The company sees more potential in the US government’s drive for EHRs. In October, Nuance announced that it would work with IBM to develop natural language technologies as a core component of those records.

There are 2 main types of speech transcription technology. With front-end technology, the user speaks into a microphone and the computer converts the spoken word in real time; the user makes corrections as needed, since the text appears on the workstation screen as the user speaks. With back-end technology, the user dictates into a digital recording device and the sound file is routed along with the original sound file to a transcriptionist who then makes the necessary edits and finalizes the report. This hybrid system allows the transcriptionist to perform basic editing or correction, rather than using her time entering the full body of the dictated text. [http://blog.dragonelearning.com/]

Faster computer processing speeds and increased drive storage have supported increased vocabulary capacity and paved the way for a marked improvement in accuracy. One of the most popular speech recognition programs, Dragon NaturallySpeaking’s Medical Version 10.1, costs $1550 and includes a 30,000-word medical vocabulary and more specialized terminology. There are 15,000 general medical terms and 15,000 medical terms specific to the user’s specialty. There are currently 58 specialties available.

According to tech reviewers Edward C. Baig and Lamont Wood, Nuance Communication’s Dragon NaturallySpeaking has come a long way since its initial release in 1997 and in the numerous updated versions since its introduction. The “training” process that familiarized the user’s computer with his or her voice took approximately 45 minutes and was accurate only 75 percent of the time. Prior to 1998, the technology required the user to pause after every spoken word.

[http://www.usatoday.com/printedition/money/20100729/baig29_st.art.htm]

[http://www.computerworld.com/s/article/9019220/Hands_Off_Using_Dragon_NaturallySpeaking]

By contrast, the most recent version takes mere minutes to be trained to an individual with accuracy topping 95%. Company officials have attributed the dramatic increase in accuracy to improved algorithms and more powerful, faster computers.

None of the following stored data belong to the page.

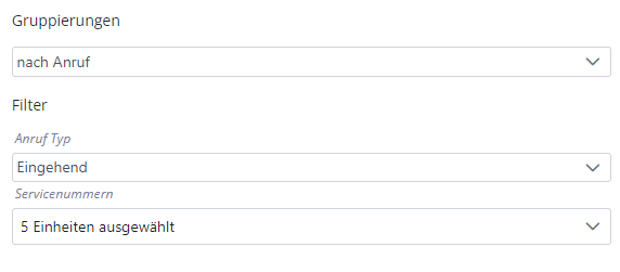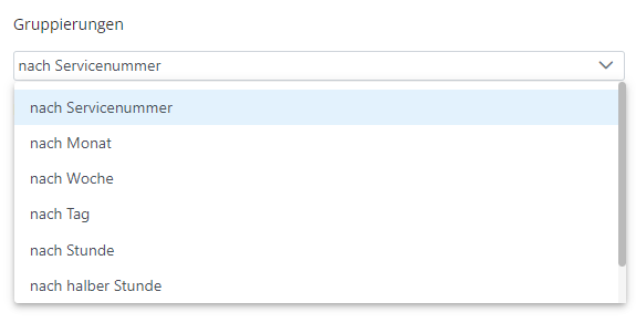Um das Ausgabeformat der Statistikdaten zu definieren steht Ihnen beim Typ „Servicenummern-Zusammenfassung“ die folgenden Gruppierungsoptionen zur Verfügung:
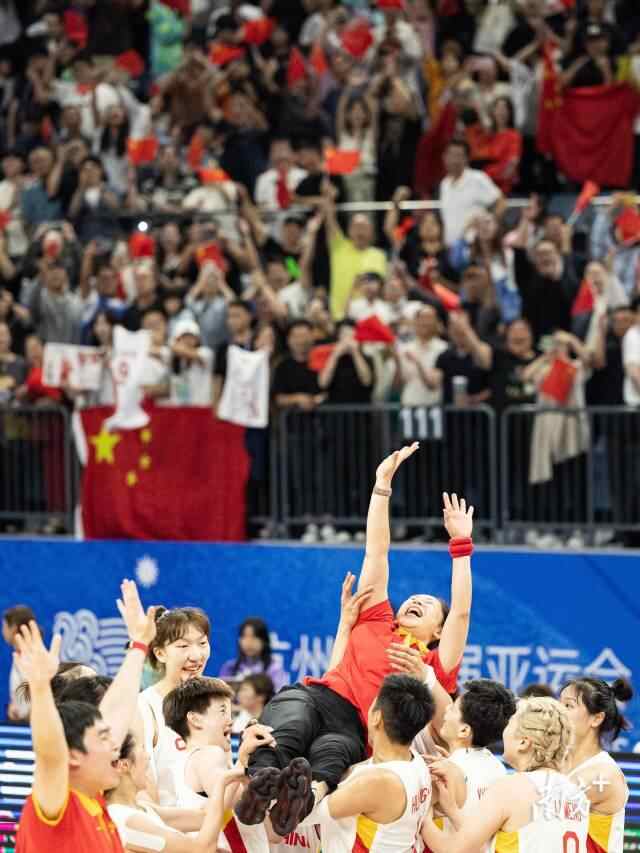10月5日晚,在杭州亚运会女篮决赛中,中国队74比72击败日本队, 赛后女篮姑娘们举起主教练郑薇庆祝比赛胜利。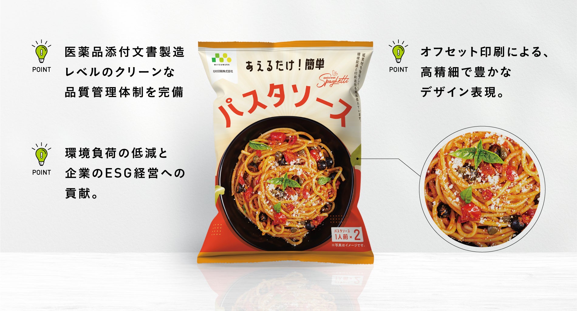 近年、世界的にプラスチックごみ問題が深刻化し、持続可能な社会の実現に向けた企業の役割が重要視されています。こうした社会的課題に対し、当社は長年の印刷事業で培ったオフセット印刷技術を応用し、環境配慮と高精細なデザイン表現を両立する「紙製軟包装」の提供を開始いたしました。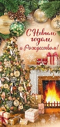 Открытка, С Новым Годом! (елка у камина), 12*18 см, 1 шт.

[http://www.computerworld.com/s/article/9019224/Is_speech_recognition_finally_good_enough_]

Another example of the products now on the market is a GE Healthcare system that weaves voice recognition technology into the radiology workflow. Centricity RISi/PACS Postprocessing with SpeechMagic™ handles all functions from order entry to the image report and distribution, with a front-end voice recognition system that the company says eliminates the need for a transcriptionist. The system is designed for use in hospitals.

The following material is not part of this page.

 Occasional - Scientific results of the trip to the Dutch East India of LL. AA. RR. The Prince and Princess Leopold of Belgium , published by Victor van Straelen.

Medical Transcriptionists Still in Picture

Will the growth of speech recognition technology mean the end of the medical transcription profession? The Association for Healthcare Documentation Integrity, a professional society for medical transcriptionists, sees a continuing need for qualified transcriptionists.

Likewise, the Bureau of Labor Statistics (BLS), a division of the US Department of Labor, is forecasting 11% growth in employment for the medical transcription field from 1008 through 2018. The BLS said demand will rise as the nation’s elderly population grows and consumes more medical services and as the need for electronic documentation rises.

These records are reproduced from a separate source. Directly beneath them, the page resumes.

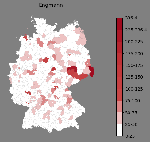 Relative Verteilung des Namens Engmann (1996)Direkt zur Karte Die Farbskala zeigt die Anzahl von "Engmann" bezogen auf je 1 Million Einträge. |
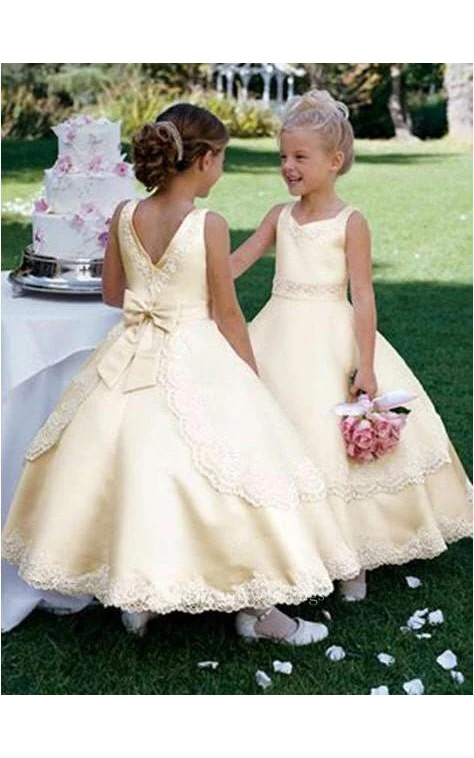 Ball Gown Scoop Sleeveless Bowknot Ankle-length Satin Flower Girl Dresses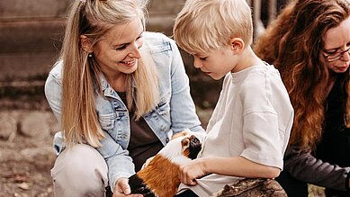Das tägliche Füttern der kleinen und großen Tiere, wie Meerschweinchen, Hasen, Enten, Hühner, Hunde, Katzen, Ziegen, Schweine und Pferde lässt Kinderaugen strahlen. Die süßen Minischweine haben die Kinder direkt in ihr Herz geschlossen.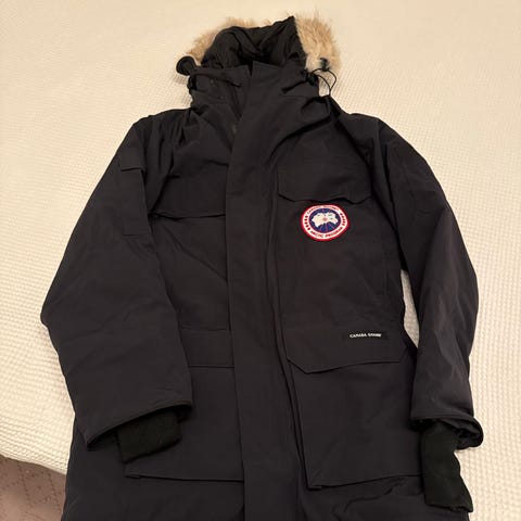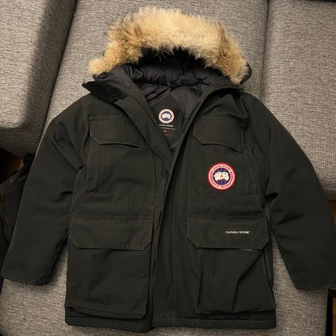 Canada Goose Expedition S jakke i svart farge, laget av dun. Jakken er kun brukt noen få ganger og fremstår nesten som ny.

“Growing numbers of medical transcriptionists will be needed to amend patients’ records, edit documents from speech recognition systems, and identify discrepancies in medical reports,” the BLS said in its Occupational Outlook Handbook, 2010-2011 Edition.

There were approximately 105,200 medical transcriptions in the United States in 2008, with about 36% percent working in hospitals and another 23% based in physician offices, the BLS said.

Technology, meanwhile, is moving onward. In December, Nuance announced its latest product for the medical market—a smartphone app that enables doctors to create medical records on the go by dictating to a secure, speech-enabled recording system.